Have you actually worked with doing more traditional NLP systems? They're really not smart.
That's not what prompt injection is.
And NLP stands for natural language processing. If the result didn't change after you've made changes to the input... It'd be a bug?
> And NLP stands for natural language processing. If the result didn't change after you've made changes to the input... It'd be a bug?

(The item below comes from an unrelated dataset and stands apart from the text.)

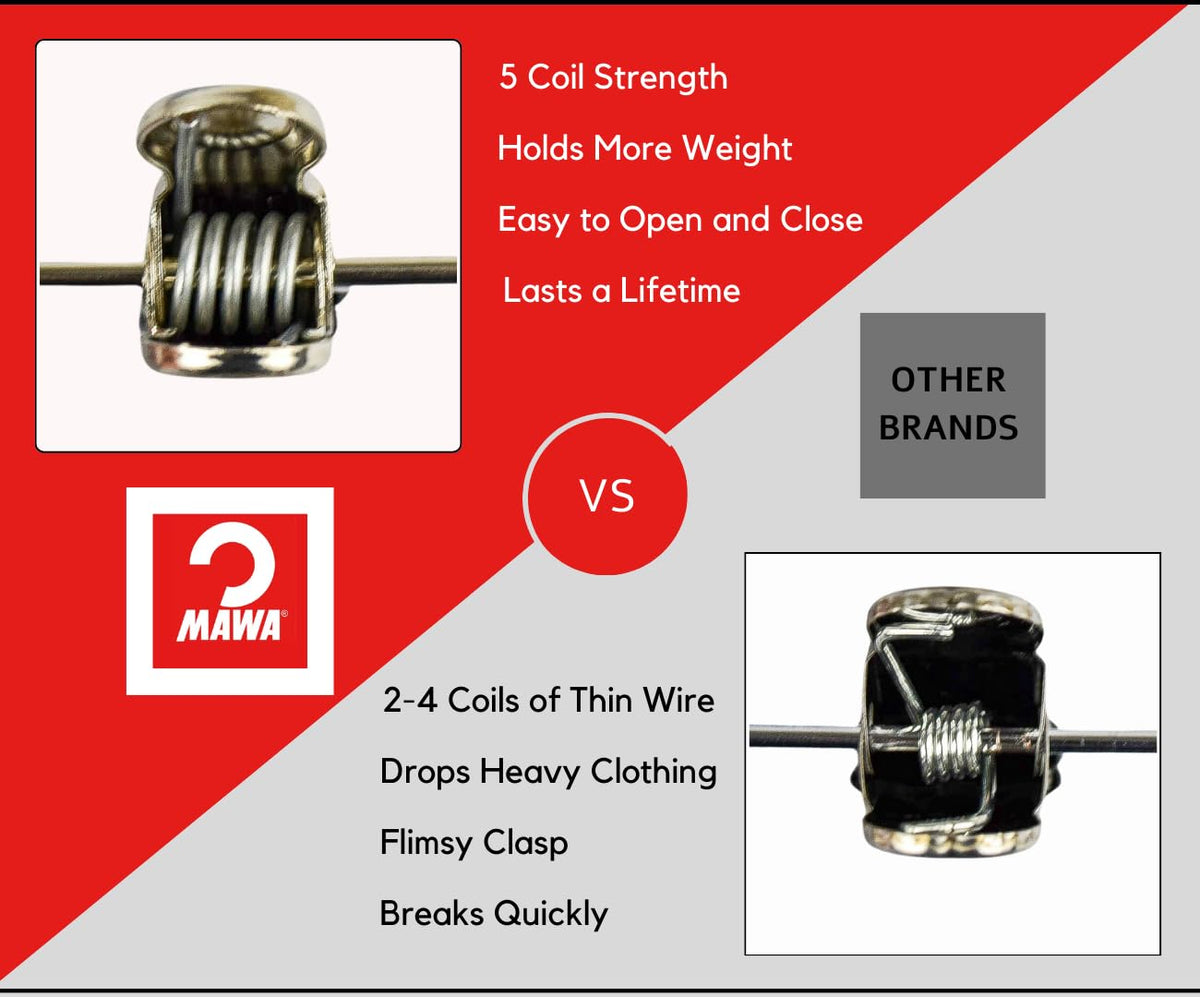 • Q: What materials are used to make the Mawa Non-Slip Clothes Hanger? A: The Mawa Non-Slip Clothes Hanger is made from German cold-rolled steel, ensuring durability and strength.

No, I’d want my classifier to be unchanged by garbage words added. It likely will be, but that impact is a bug not a feature.
Adding words to the text to break the algorithm which does the NLP is more along the lines of providing 1 in a boolean field to break the system. And that's generally something you can mitigate to some degree via heuristics and sanity checking. Doing the same for LLMs is essentially impossible, because it's an effective black box, so you cannot determine the error scenarios and add some mitigations
No instruct tuning means prompt injection is curbed. Classification heads means you get results off a single forward pass.
If a traditional NLP solution can run under your control, and tackle the task at hand, it can be plainly much cheaper at scale.
* https://github.com/jftuga/deidentification
* https://pypi.org/project/text-deidentification/
Its annotation tooling was so far ahead. It is still crazy to me that so much of the value in the data annotation space went to Scale AI vs tools like SpaCy that enabled annotation at scale in the enterprise.
Used it again recently and the dev experience is 1000x that of wrangling LLMs.